The Sect of the Thirty

The original manuscript may be consulted at the University of Leiden; the text is in Latin, but one or two Hellenisms justify the conjecture that it was translated from the Greek. According to Leisegang, it dates from the fourth century
a
.
d
.
Gibbon mentions it in passing in one of the footnotes to the fifteenth chapter of his
Decline and Fall
. The anonymous author has recorded:

. . . The Sect was never large, and now its proselytes number but a scant few. Decimated by sword and fire, they sleep by the wayside or, since it is forbidden them to build any form of dwelling place, among the ruins spared by war. They also journey about quite naked. These facts are common knowledge. My aim here is to leave a written record of what it has been vouchsafed me to discover of the Sect’s beliefs and customs. I have argued at length with its masters and have met with little success in converting them to the Faith of Our Lord.

The first thing about the Sect that drew my attention was the variousness of its notions regarding the dead. Among the most ignorant, for example, it is held that the burial of those who have departed this life is entrusted to their spirits; others, the unorthodox, maintain that Jesus’ admonition to ‘let the dead bury their dead’ is meant to condemn the pompous vanity of our funeral rites.
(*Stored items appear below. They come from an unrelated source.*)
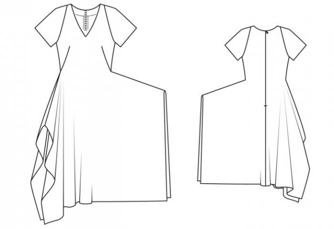 Для пошива данного изделия вам потребуется выкроить, помимо основных деталей, широкую оборку, которая образует спереди видимость подола. Используя в качестве основы приведенный чертеж, внесите в него коррективы по вашим размерам.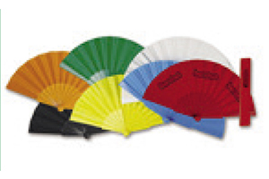 Abanico de varillas de plástico y tela en poliéster.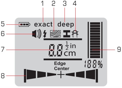 - deep - tryb głęboki, do wykrywania ciał obcych. Max. głębokość skanowania w tym trybie to 38mm.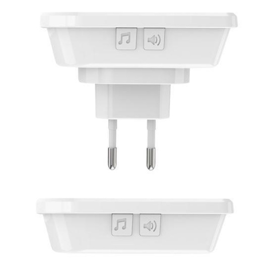 jeden zvonček zapojený do zásuvky a druhý prenášateľný na batérie.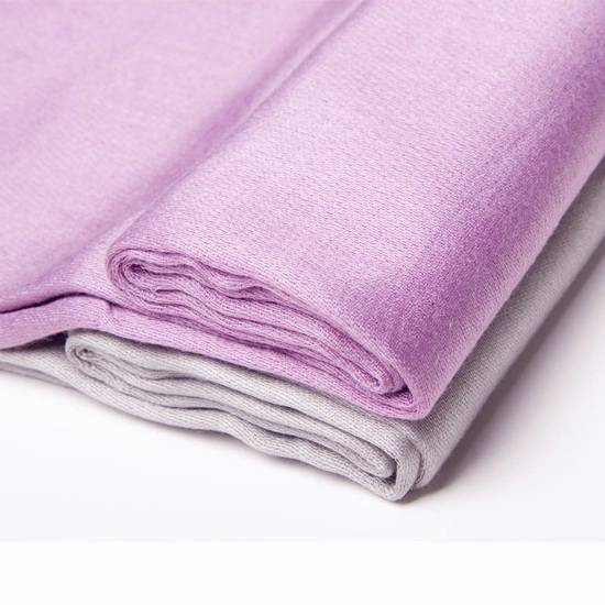 This fabric is made of high quality material. It comes in soft and romantic purple or gray color. The simple design and smooth and light texture make it perfect for finishing clothing accessories like scarves.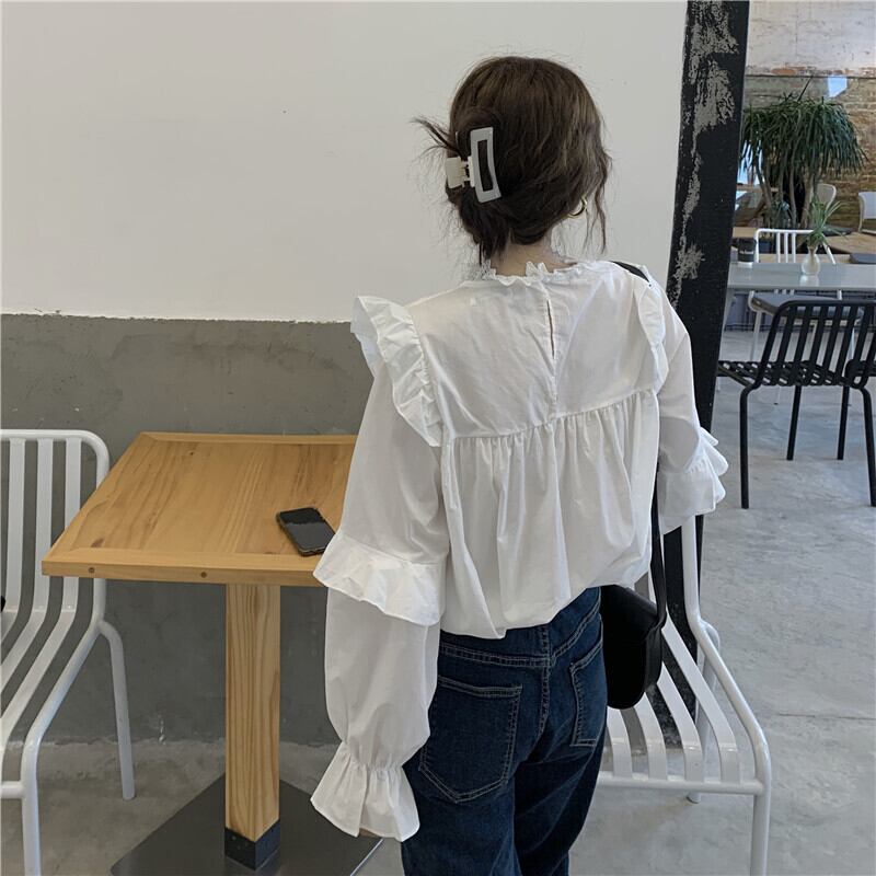 レーススリーブシャツ ホワイトオータムブラウス レディース ロング レッド 秋物 ステッチ kumikum14696936987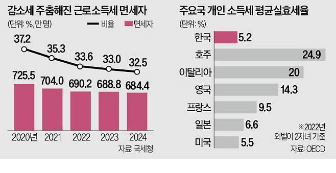 2021년 기준 미국(30.9%), 캐나다(13.6%), 호주(15.2%), 일본(14.5%) 등 주요국 근로소득세 면세자 비율은 한국을 밑돈다. 한국의 소득세 최고세율은 45%로 경제협력개발기구(OECD) 회원국 가운데 상위 6위다. 하지만 면세자 비율이 높은 탓에 소득세 평균실효세율(실제 소득 대비 세금 비율)은 2022년 기준 5.2%에 그쳤다. OECD 회원국 중 30위로 최하위권이다. 호주(24.9%), 이탈리아(20%), 영국(14.3%), 일본(6.6%) 등 주요국과도 격차가 컸다.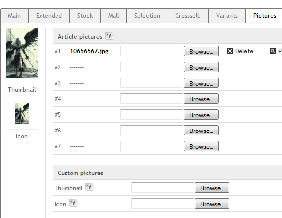 since some recent pictures fixes, situation is: 1) if no specific ico and thumb pictures are saved and master picture is uploaded, ico and thumb pictures are shown correct, but after tab refresh, they are show as "-----" 2) if there are specific ico and thumb pictures saved, after uploading master picture, this new name is shown near ico and thumb, but after tab refresh everything is ok. the problems is only regarding pictures names, not the pictures files themself. |

The advice to sell what one has and give to the poor is closely followed by every sectarian; those so benefited give to others and these, in turn, to still others. This should suffice to explain their indigence and nakedness, which, in addition, brings them nearer the state of paradise. Fervently they repeat the words, ‘Behold the ravens of the air: for they sow not, neither do they reap, nor have they barns or sheds; yet your heavenly Father feedeth them. Are ye not much better than they?’ Their teaching forbids all saving: ‘Wherefore, if God so clothe the grass of the field, which to day is, and tomorrow is cast into the oven, shall he
not much more clothe
you, O ye of little faith? Therefore take no thought, saying, What shall we eat? or, What shall we drink?’

The judgment ‘whosoever looketh on a woman to lust after her hath committed adultery with her already in his heart’ is a piece of straightforward advice about maintaining purity. Yet, many are the members of the Sect who point out that if there is not one man on earth who has not looked upon a woman to lust after her all men have committed adultery. Since the desire is as sinful as the act, the righteous may without risk indulge in the most outrageous lust.

The Sect shuns temples; its elders preach in the open air, from the top of a hill or a wall, or sometimes from a boat on the shore.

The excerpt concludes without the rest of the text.